The aqueous buffer used in one of the methods of the invention has a concentration in the range of (about) 50 mM to (about) 1 M, preferably (about) 85-500 mM, eg (about) 100, 150,. Additional salts with concentrations in the range of 200, 250, 300, 350, 400, 450 or 500 mM can be included. Suitable salts include, but are not limited to, sodium chloride and / or potassium chloride.

The equilibration buffer is also used to "push" the unbound protein of interest (eg, antibody or Fc fusion protein) in the pass-through solution to recover the purified protein (step (f)). Let's go. The pass-through liquid is collected from the bottom of the column. Conversely, at least a portion of the impurities bind to the chromatographic material.

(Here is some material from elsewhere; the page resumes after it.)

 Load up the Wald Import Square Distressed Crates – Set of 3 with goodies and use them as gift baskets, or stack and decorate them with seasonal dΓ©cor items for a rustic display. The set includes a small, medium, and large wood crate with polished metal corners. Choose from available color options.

Once the mixed mode chromatographic material has been equilibrated, the eluate from step (d) (or adjusted eluate) can be loaded. The unbound protein of interest will be extruded by the addition of equilibration buffer and recovered from the bottom of the column.

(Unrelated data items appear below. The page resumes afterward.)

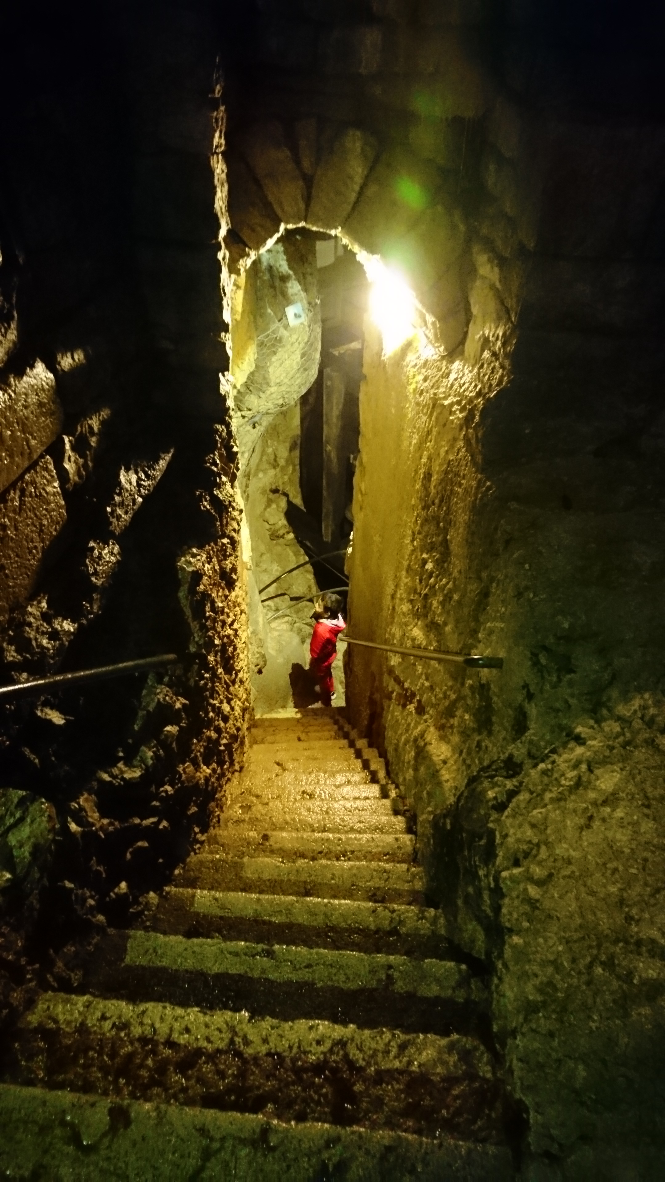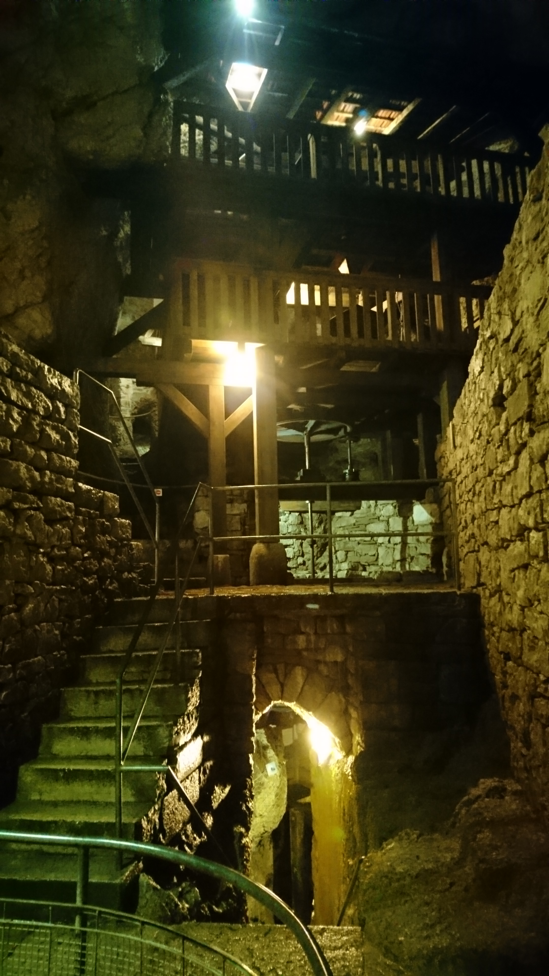 Nous partons ensuite à la découverte des Moulins souterrains du Col-des-Roches, au Locle. Les galeries descendant à une vingtaine de mètres de profondeur, il y fait bon frais. Durant 1h, le gnome s’émerveille devant ces moulins hors du commun tandis que l’audioguide nous raconte leur histoire.
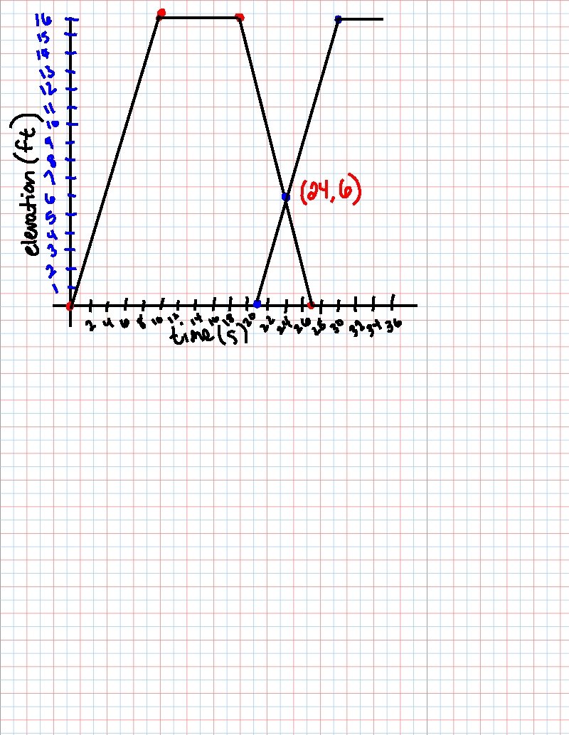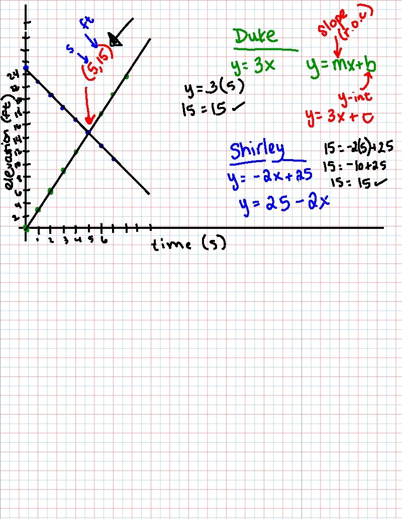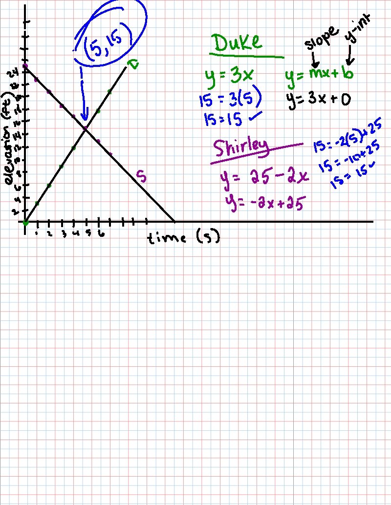 Example 2/Exercises 5– 7 Consider the story: Duke starts at the base of a ramp and walks up it at a constant rate. His elevation increases by 3 ft. every second. Just as Duke starts walking up the ramp, Shirley starts at the top of the same 25 ft. high ramp and begins walking down the ramp at a constant rate. Her elevation decreases 2 ft. every second. 5) Sketch two graphs on the same set of elevation-versus-time axes to represent Duke’s and Shirley’s motions. 6) What are the coordinates of the point of intersection of the two graphs? At what time do Duke and Shirley pass each other? 7) Write down the equation of the line that represents Duke’s motion as he moves up the ramp and the equation of the line that represents Shirley’s motion as she moves down the ramp. Show that the coordinates of the point you found in the question above satisfy both equations.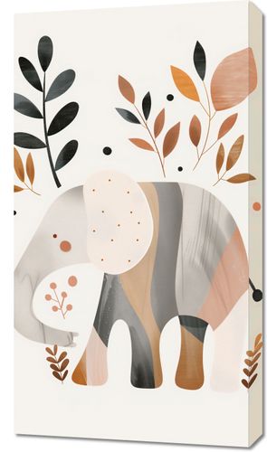 Obraz z serii wnętrza zatytułowany Wypocznij Mały przedstawia stylizowaną ilustrację słonia, wplecionego w delikatną kompozycję z abstrakcyjnymi elementami roślinnymi. Słoń jest przedstawiony w spokojnej, stonowanej palecie kolorów z akcentami ciepłych brązów, beżów i delikatnych szarości, co nadaje ilustracji elegancki i nowoczesny charakter. Proste, ale efektowne formy roślinne wokół słonia dodają plakatowi lekkości i harmonii, a dyskretne kropki i linie na ciele słonia tworzą wrażenie tekstury. Całość tworzy obraz spokoju i łagodności, idealny do wnętrz, w których chce się wprowadzić elementy natury i uspokajającej estetyki, takich jak salony, pokoje relaksacyjne lub przestrzenie dla dzieci.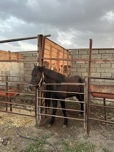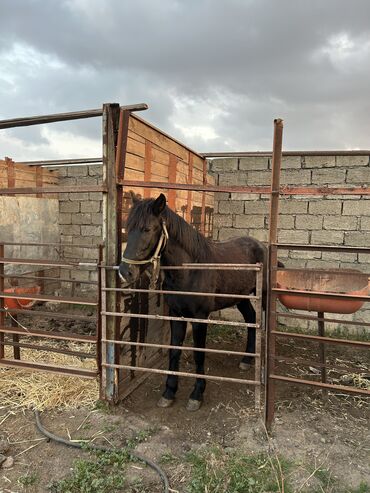 Satılır: at - Rəng: tünd qəhvəyi (qara yal və quyruq), alınında kiçik ağ nişanə - Bədən quruluşu: möhkəm, balanslı, uzun ayaqlar; dırnaqlar təbii formada - Boy və çəkidə orta ölçülü, kənd və çöl ş...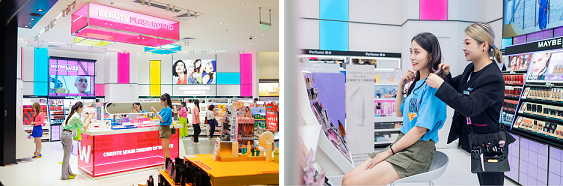 屈臣氏在位于上海陆家嘴CBD的世纪汇广场门店推出“潮玩妆造区”,提供一站式变美造型服务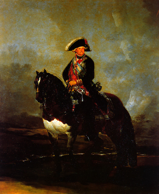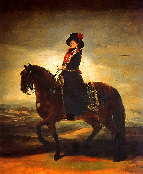 Два из 3-х первых портретов Франсиско Гойи , которые в 1819 году были выставлены в Музее Прадо, конные портреты Короля Карла IV  Королевы Испании Марии Луизы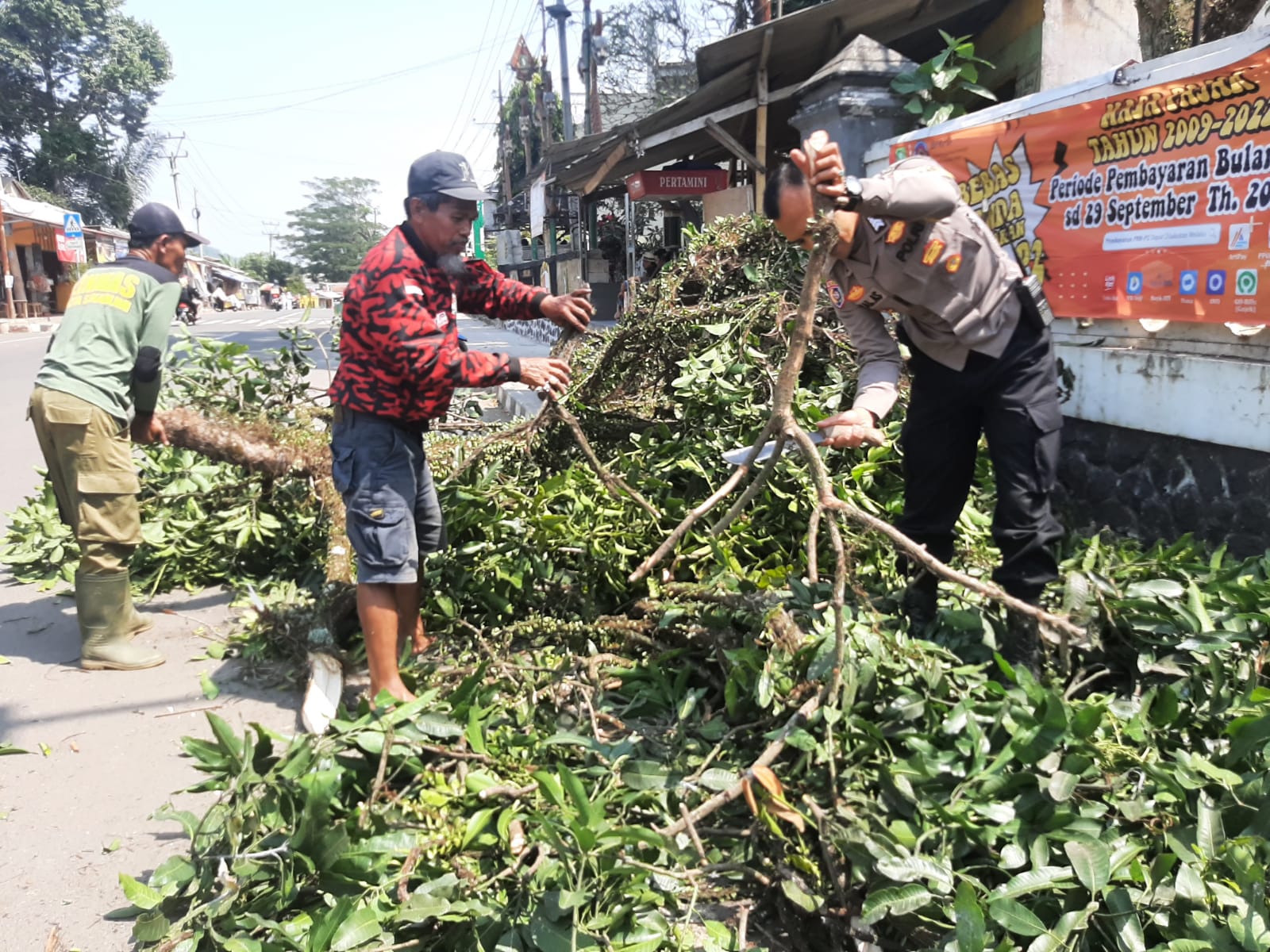 Bhabinkamtibmas Polsek Lembursitu Bripka Faisal bersama warga setempat membersihkan dan memotong pohon yang dianggap membahayakan bagi pengguna jalan.

With respect to the present invention, those skilled in the art will use conditions suitable for this second mixed mode chromatography step (considering the pH of the protein to be purified), and the protein to be purified will be the first mixed mode chromatography material. It will choose not to bind, i.e. it will bypass the chromatographic material. As a non-limiting example, for example, for a protein of interest with a pI greater than 9.0, the second mixed mode chromatography step uses an aqueous buffer of pH 7.5 ± 0.2 containing 5 mM sodium phosphate, 170 mM sodium chloride. Can be carried out. As a further non-limiting example, for the protein of interest having a pI of, for example, about 8.5 to about 9.5, the second mixed mode chromatography step is pH 7.5 ± 0.2 containing 3 mM sodium phosphate, 470 mM sodium chloride. It can be carried out using an aqueous buffer solution. Loading is done under the same conditions.

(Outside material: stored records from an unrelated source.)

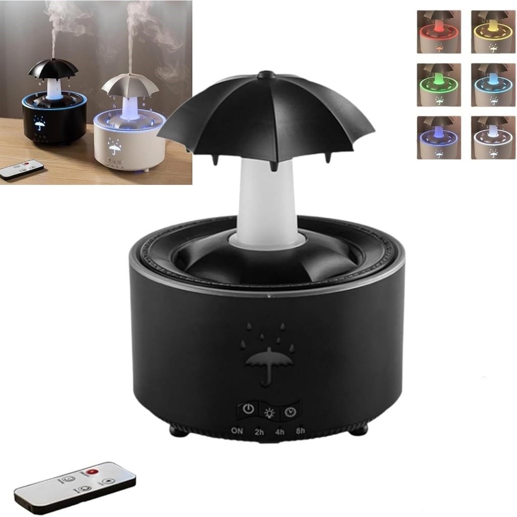 Umbrella Waterfall Humidifier, Umbrella Diffuser with Rain Effect, Rotating Umbrella Drop 7-Color LED, Essential Oil Diffuser Essential Oil Diffuser Aromatherapy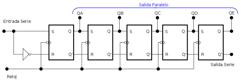 Un registro de desplazamiento es un circuito digital secuencial (es decir, que los valores de sus salidas dependen de sus entradas y de los valores anteriores) consistente en una serie de biestables, generalmente de tipo D, conectados en cascada (Fig. 1), que basculan de forma sincrónica con la misma señal de reloj. Según las conexiones entre los biestables, se tiene un desplazamiento a la izquierda o a la derecha de la información almacenada. Es de señalar que un desplazamiento a la izquierda de un conjunto de bits, multiplica por 2, mientras que uno a la derecha, divide entre 2. Existen registros de desplazamiento bidireccionales, que pueden funcionar en ambos sentidos. Los registros universales, además de bidireccionales permiten la carga en paralelo.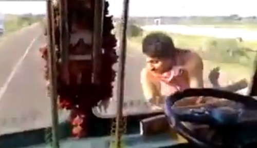 Un chauffeur indien risque sa vie "au volant" de son camion.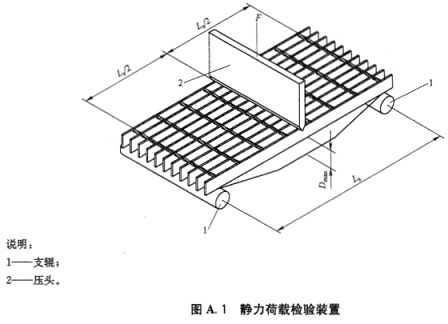 采用彎曲試驗法,對鋼格板的靜力荷載性能進行檢驗,測量鋼格板在跨中施加集中荷載時的彎曲撓度,以核對設計要求和對鋼格板產品進行質量檢查。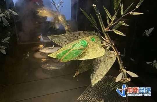 据介绍,《悟禅知翠》中,蝉抱一颗帝王翡翠,背面镶一颗温润的紫罗兰翠玉。蝉身的翡翠圆珠,皆采以“内格榫卯嵌接法”镶嵌。极薄的翅膀运用了陈世英2002年发明的“翡翠切割润光专利技术”。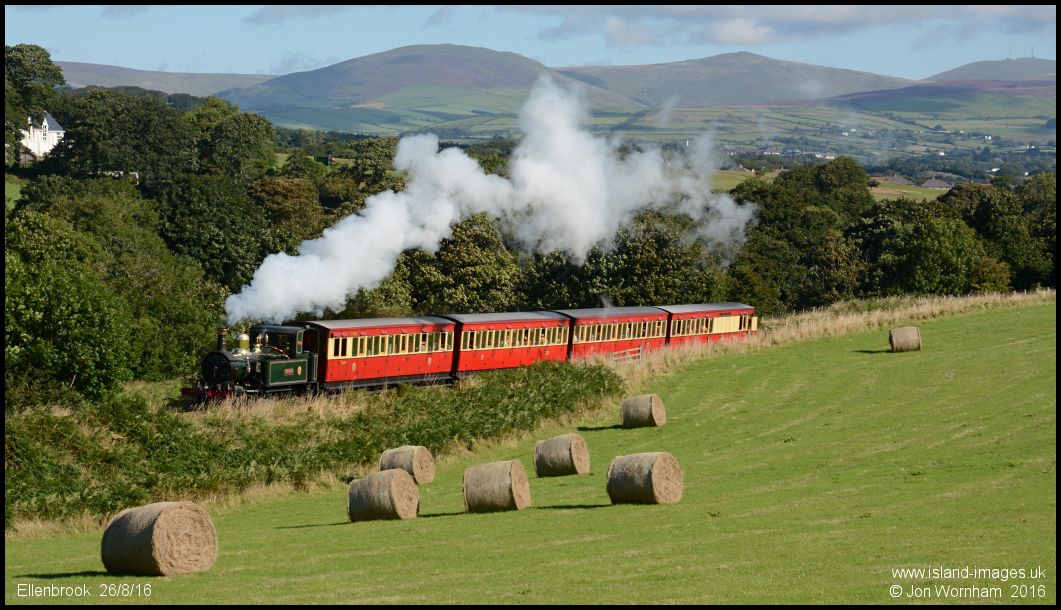 With the central mountains as backdrop, No 13 'Kissack' is on the climb up to Oakhill passing Ellenbrook, operating the 09:50 Douglas to Port Erin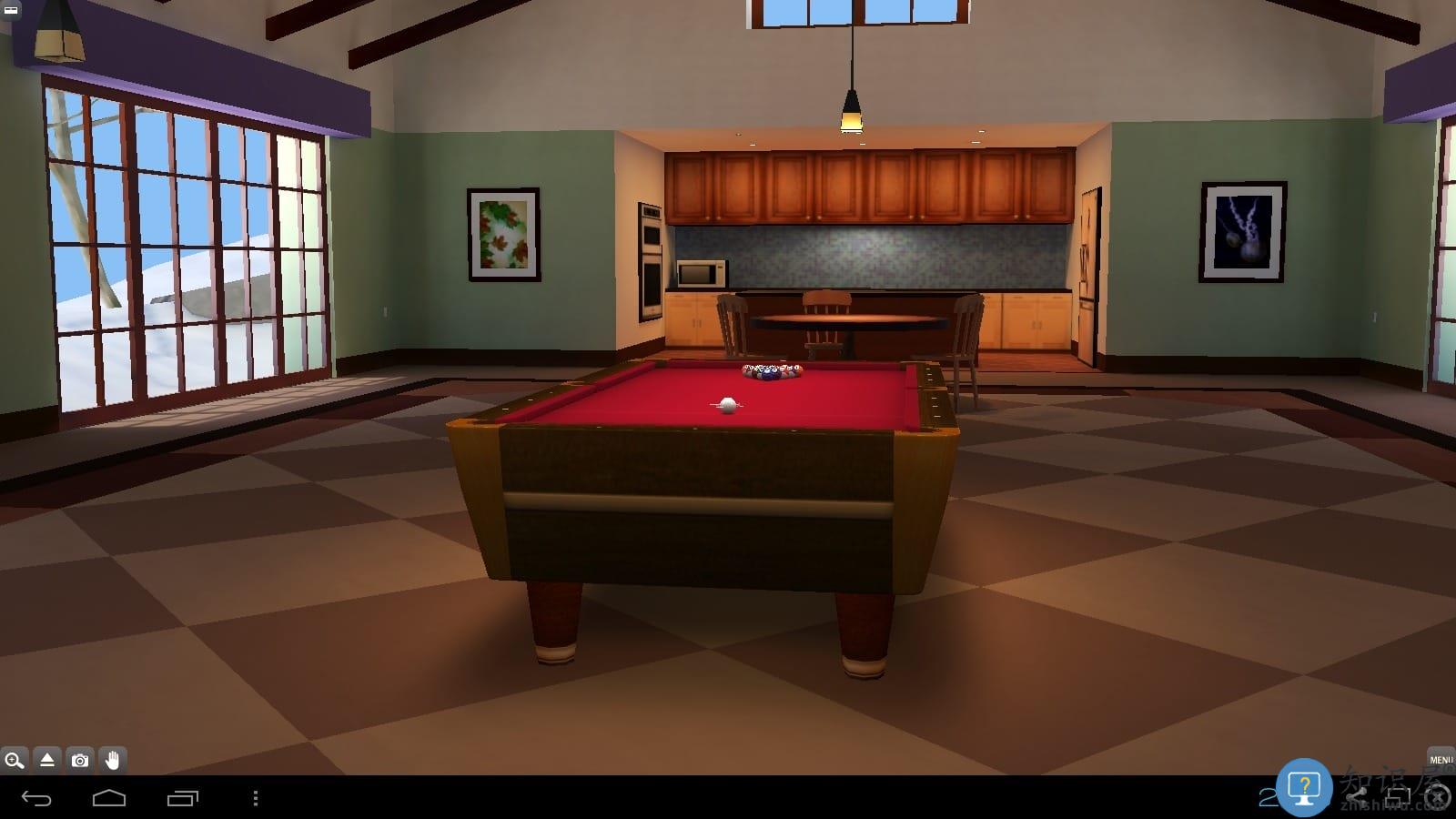 开启后通过滑动手指可以拉动镜头来观察游戏界面;第二个太阳按钮是调整周围的光线强度的;第三个眼球按钮是调整你的视角的;进入游戏后,在游戏界面下方是一排的击球设置选项,最左边的是放大缩小按钮,右边第一个是调整球杆与桌面的夹角的;第二个按钮是球杆击球的位置;第三个是击球按钮,你将所有的设置都调整好了以后,就可以点击“Shoot”.当没有点选下面的那一行中的任意一个按钮的时候,滑动屏幕可以调整球杆的方向.游戏玩法的多样性,包括美国8球、英国8球、9球等多达10多种玩法。

C.4. Alternatives Based on the present disclosure, the person skilled in the art selects from the group consisting of hydroxy-based ligands and / or fluoroapatite-based ligands as the first mixed mode step (steps (c)-(d)). A mixed mode chromatography support can be used, and as a second mixed mode step (steps (e)-(f)) Capto®-MMC, Capto®-adhere, Capto®. It will be appreciated that a mixed mode support selected from the group consisting of adhere ImPres, MEP HyperCel ^TM and ESHMUNO® HCX can be used.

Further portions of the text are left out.